Previous research conducted by Desai, and published in the journal Blood, shows that Interleukin-18, a proinflammatory cytokine with essential regulatory function in the immune response, contributes to the development of inflammation in the heart and damage to the heart muscle. They also found that when you inhibit IL-18, it seems to improve fibrosis. That led them to experiment whether ventricular tachycardia could go away by inhibiting IL-18 using IL-18 binding protein and reintroducing it.
Could a generation be saved using the beta blocker, R-Propranolol?
“We recognized IL-18 as a potential therapeutic for the abnormal rhythm disturbance in the heart and the damage that we see,” Desai said.
IL-18 binding protein is not FDA-approved for human use. So, researchers sought alternative therapies. Through the use of R-prop, they uncovered new, molecular pathways that led to the aggravation of the IL-18 pathway.
“We found that R-propranolol was able to reduce the effects of Interleukin 18 in these sickled hearts and was able to stop abnormal rhythms,” Desai said. “Our grant will enable us to study how the drug does that. If we can better understand how, then we may be able to quickly translate its use in patients.”

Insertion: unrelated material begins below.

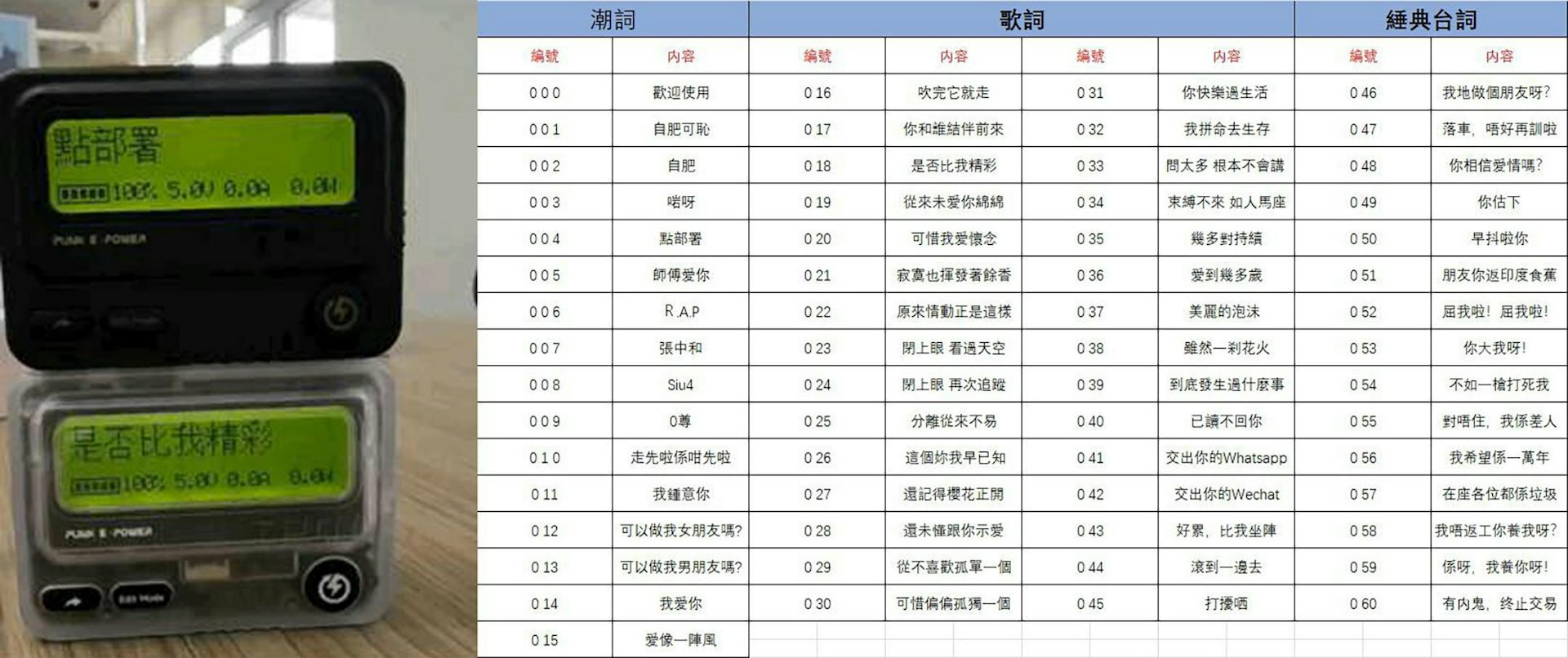 機面的迷你LED點陣屏幕不單用來看電量,更可以「扮Call機」,顯示達60種中文短訊,當中一句《無間道》內的「有內鬼,終止交易」訊息,即時解封未有智能手機及WhatsApp、LINE通訊app前、以SMS、Call機留言通信,塵封已久的90年代gadget回憶!

Researchers also plan to evaluate potential for toxicity before introducing R-prop in a clinical trial.
Despite the recent FDA approval of Vertex and Bluebird’s gene editing therapies for sickle cell disease, people who have lived with sickle cell disease are still suffering from cardiac complications and are at risk of death and need interventions. In fact, some of those advanced therapies may be far from reach for many patients given the estimated costs.
Krannert Cardiovascular Research Center Executive Director Rohan Dharmakumar, PhD, said in the absence of an effective therapy to address cardiomyopathy and tachycardia in sickle cell disease, we risk losing a generation of people prematurely.
“While new therapies are being explored, cleverly repurposed drugs that have already had human exposure with strong safety profile, such as R-propranolol, stand to make major headway in solving a long-standing health issue affecting the heart and cardiovascular system in the United States and abroad,” Dharmakumar said.